In the first peer-review work of its kind, a new study estimates that as many as 4.5 million Uighur births could be prevented by the Chinese Communist Party (CCP) in southern Xinjiang by 2040.

Adrian Zenz, an independent China researcher, reached this estimate after studying the region’s birth rate and looking at China’s “population optimization” policies which target ethnic minorities.

While birth rates have fallen sharply in Xinjiang in recent years as a result of forced sterilisation and IUD-fittings, measures like forced labour transfers have further reduced population growth.

These are just two aspects of the larger crackdown against the Uighurs, which has seen more than a million people rounded up since 2017 and transported to internment camps on the CCP’s pretext of fighting terrorism.

As part of his latest findings, Mr Zenz, senior fellow in China studies at Victims of Communism Memorial Foundation, predicted the Uighur population in southern Xinjiang is likely to be between 8.6 and 10.5 million in 2040, roughly the same as it is now.

This is significantly lower than the 13.4 million projected by Chinese academics before their country imposed birth control policies on Uighurs and other ethnic minorities.

China has rejected the genocide claims, describing Mr Zenz’s research as “as good as useless” and “not credible.” Beijing maintains its policies in Xinjiang are aimed at fighting extremism and relieving poverty.

In his research, Mr Zenz also cites statements made by party academics and officials between 2014 and 2020, which show China’s aim of diluting the Uighur population, a decision it alleges is in its national security interests.

To this end, the central government tasked the region’s communist party in 2017 with increasing the settler Han population, in Xinjiang by 300,000 by 2022.

Although the “embedding” of substantial Han Chinese populations into largely Uighur areas helps to lower the density of ethnic minority groups, it alone is not sufficient, according to Chinese researchers in Xinjiang.

Li Xiaoxia, director of the Institute of Sociology at the Xinjiang Academy of Social Sciences, has publicly said that birth control is the best solution for the “problem of the rapid growth of the minority population”, which she blames for fostering extremism.

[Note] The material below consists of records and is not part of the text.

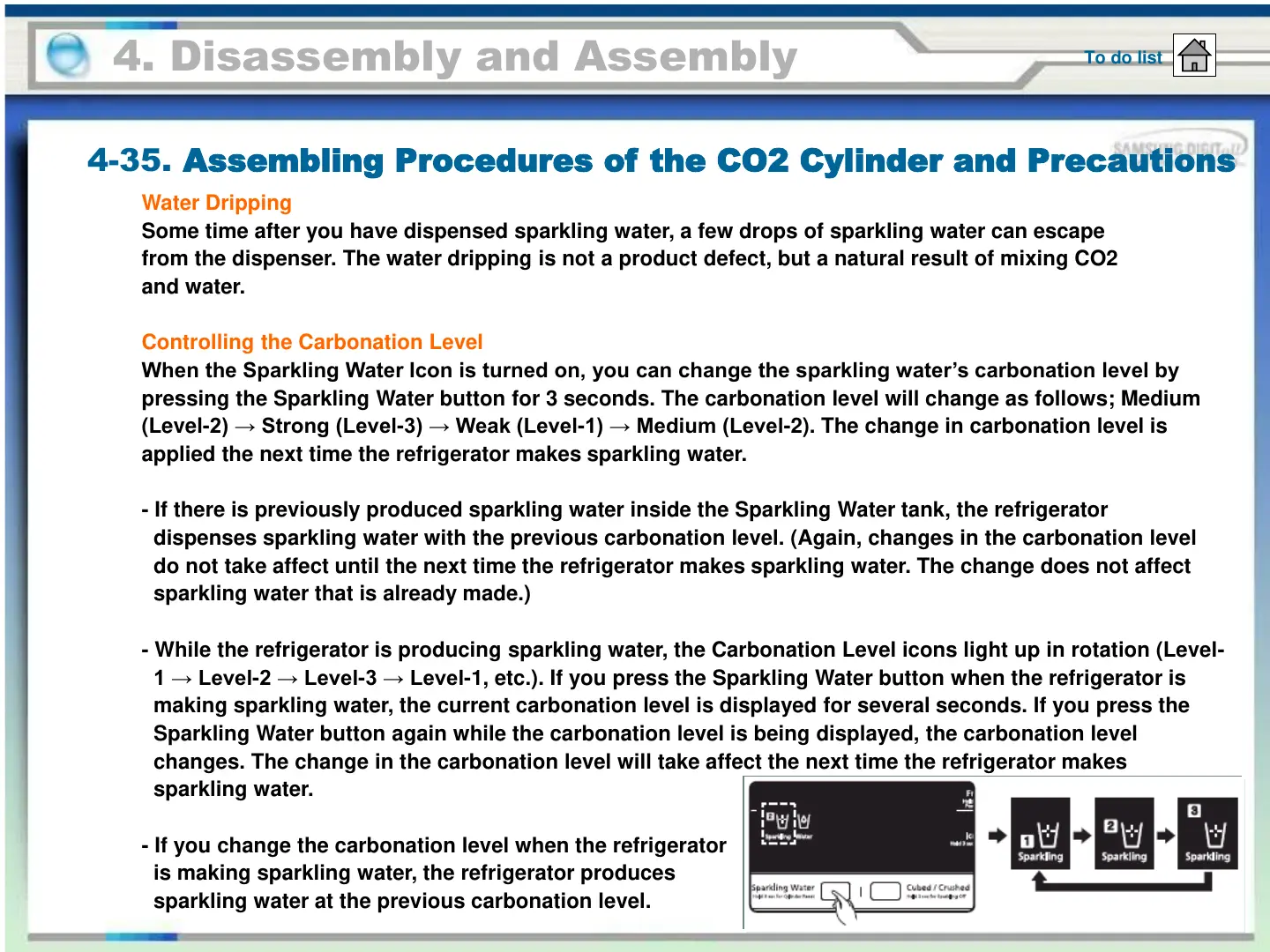 - While the refrigerator is producing sparkling water, the Carbonation Level icons light up in rotation (Level-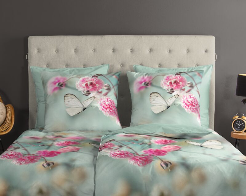 Dekbedovertrek “Adel” van Good Morning met bloemen en vlinders, in de kleur “Mint” is gemaakt van 100% katoen. Deze kwaliteit is ademend, vochtabsorberend en voelt zacht en soepel aan. Dit mooie dekbedovertrek fleurt iedere slaapkamer op en is geschikt voor ieder jaargetijde. Het katoenen dekbedovertrek is heerlijk koel in de zomer en geeft warmte in de winter.
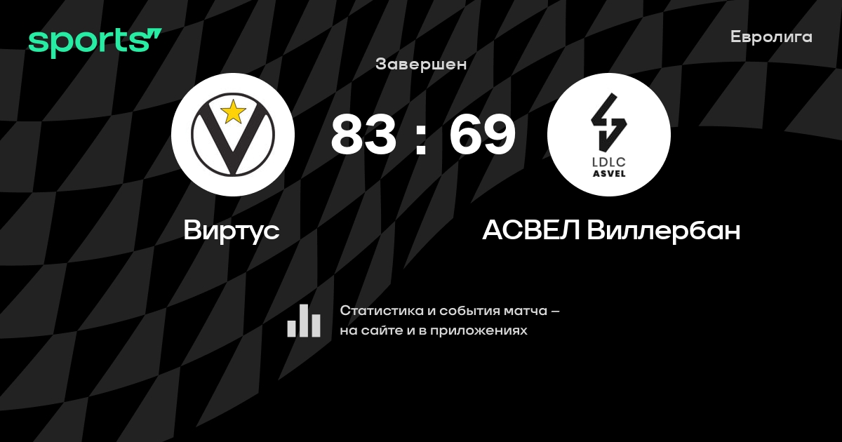 В прошедшем матче в рамках турнира Евролига состоялась встреча команд Виртус - АСВЕЛ Виллербан в городе Болонья (Италия) на стадионе Виртус Арена (вместимость - 9980)

Similarly, Liu Yilei, deputy secretary-general of Xinjiang’s Production and Construction Corps (XPCC)’s party committee, told a symposium in July 2020 that progress and stability in the region could only be achieved by lowering the percentage of Uighurs there.

“The proportion of the Han population in southern Xinjiang is too low, less than 15 per cent. The problem of demographic imbalance is southern Xinjiang’s core issue,” he said.

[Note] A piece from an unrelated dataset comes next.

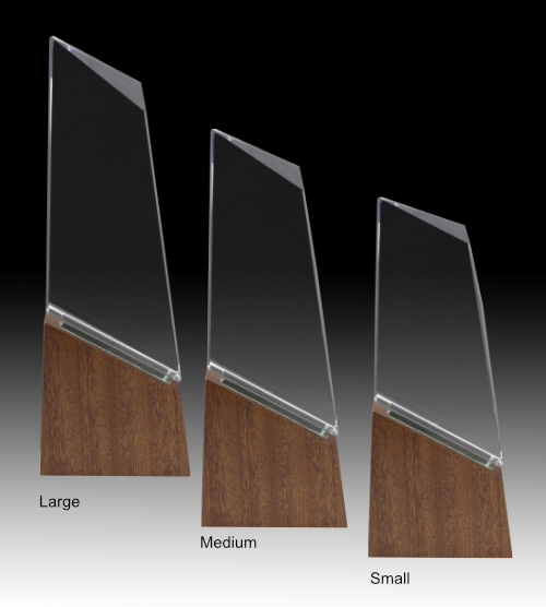 Featuring a sleek glass panel rising from a rich wooden base, this award combines modern elegance with timeless prestige. Inspired by the world’s highest peak, the Everest Crystal Award is a symbol of success.

Mr Zenz argues that such comments, when combined with the demographic trends caused by China’s repression in Xinjiang, demonstrate the CCP’s genocidal intent against the Uighurs.

“A very strong case can be made for a slow genocide over time,” he told The Independent last month in an interview about his latest research.

“The destruction of a group does not need to happen with mass killing,” he added. This view is in line with the 1948 Convention on the Prevention and Punishment of the Crime of Genocide, which lists birth prevention as a possible definition of genocide.

Mr Zenz’s latest research, which he presented to the Uighur Tribunal on Monday, will be published in the Central Asian Survey journal.

The Uighur Tribunal was set up to assess allegations of genocide made against China, since the international courts will not hear a case against it. Following two sets of hearings in June and September, it will deliver its verdict, which is not legally-binding, in early 2022.

In late April, the UK followed the lead of countries like the US and Canada by declaring that genocide is being committed against the Uighurs in Xinjiang.